The Great Ace Attorney Chronicles Review — No Objections Here

Like a great detective novel, The Great Ace Attorney Chronicles gives us clues in its opening moments that won’t pay off until its final hours. That trick is even more impressive here as the adventure games collected, The Great Ace Attorney: Adventures and The Great Ace Attorney 2: Resolve, were originally published two years apart and together tell one continuous 80 hour story. Clues, character arcs, cases--all are revealed slowly over the course of the two visual novels, culminating in one satisfying conclusion that ties it all together.

Adventures, from 2015, and Resolve, from 2017, take players back roughly 100 years before Phoenix Wright ever entered the courtroom. Here, players take on the role of that famous ace attorney’s ancestor, Ryunosuke Naruhodo, at the dawn of the 20th century. The story begins in Meiji Period Japan before traveling to Victorian-era England, where the bulk of the action takes place. That action, as in Phoenix Wright, involves collecting evidence from crime scenes, waiting for the right moment to use it in court and then presenting it at the right time during a cross examination to make a witness’ testimony fall apart.

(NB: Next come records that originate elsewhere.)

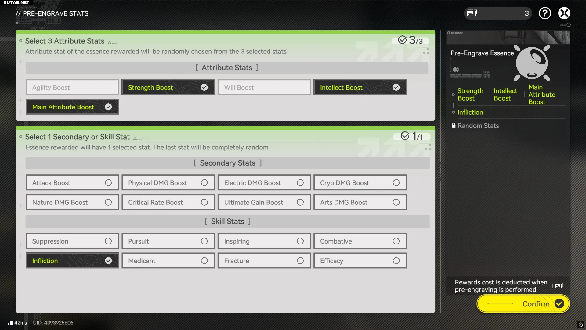 Откроется окно, где вам нужно выбрать три различных атрибута и один вторичный или навыковый перк. Любая эссенция, полученная после прохождения зоны, гарантированно будет иметь один из трёх выбранных атрибутов, выбранный вторичный перк или перк навыка, а также один полностью случайный перк.
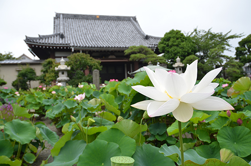 同寺で蓮を育て始めたのは15年ほど前のこと。守屋住職が鎌倉のお寺から紹介され、苗をもらい受けたことがきっかけだったという。「仏様は蓮の上に乗っていますし、蓮はお寺と縁がありますからね。また、泥沼から咲き出してきれいな花をつけるということで、人間もどんなに悪い環境であっても清らかに生きなさいという教えもあります」と守屋住職。こうして蓮を育てることが始まり、毎年色とりどりに咲く花は、多くの人の目を楽しませる恒例のものとなった。
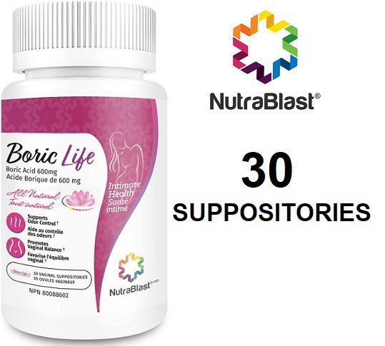 (30 SUPPOSITORIES) NUTRABLAST BORIC LIFE BORIC ACID VAGINAL SUPPOSITORIES - SUPPORTS ODOR CONTROL AND PROMOTES VAGINAL BALANCE - 600MG
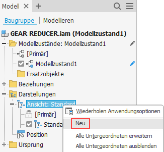 Erweitern Sie im Modell-Browser der Baugruppe die Option Darstellungen, klicken Sie mit der rechten Maustaste auf Ansicht, und wählen Sie dann im Kontextmenü Neu aus.
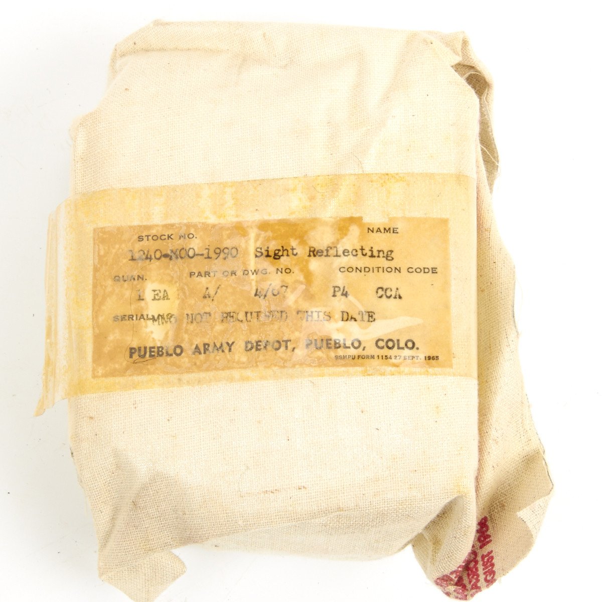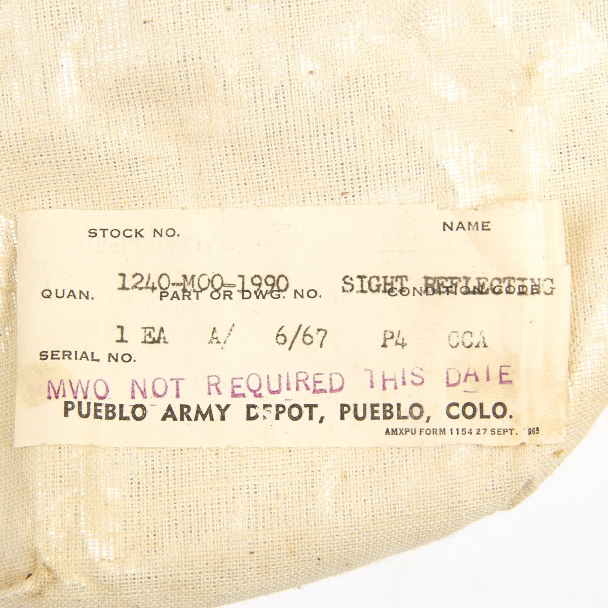 STOCK No: 12450-MOO-1990NAME: SIGHT REFLECTINGQUAN: 1PART or DWG No: A 4/67CONDITION NOTE: P4 CCASERIAL: MWO NOT REQUIRED THIS DATEPUEBLO ARMY DEPOT, PUEBLO, COLOJust what you need to fix up your demilitarized bazooka!

As The Great Ace Attorney: Adventures begins, Japan and Great Britain have just entered into a trade agreement. The ink on the agreement is barely dry--historically speaking, that is; a character later suggests that the agreement has been in place for a decade--so when Naruhodo is caught with a pistol in his hand at the scene of a visiting British professor’s murder, the resulting trial carries with it the weight of the fragile alliance between the two empires. With the case all but decided against him, Naruhodo must prove his innocence with the help of his best friend, Kazuma Asogi, a law student set to embark the next day for a study abroad program in England. The katana-wielding Kazuma is strong-willed, confident, and believes wholeheartedly that his friend is innocent, and that belief motivates Naruhodo’s own practice of law as the game progresses, with the young defense attorney understanding well the difference that his belief in his clients’ innocence can make.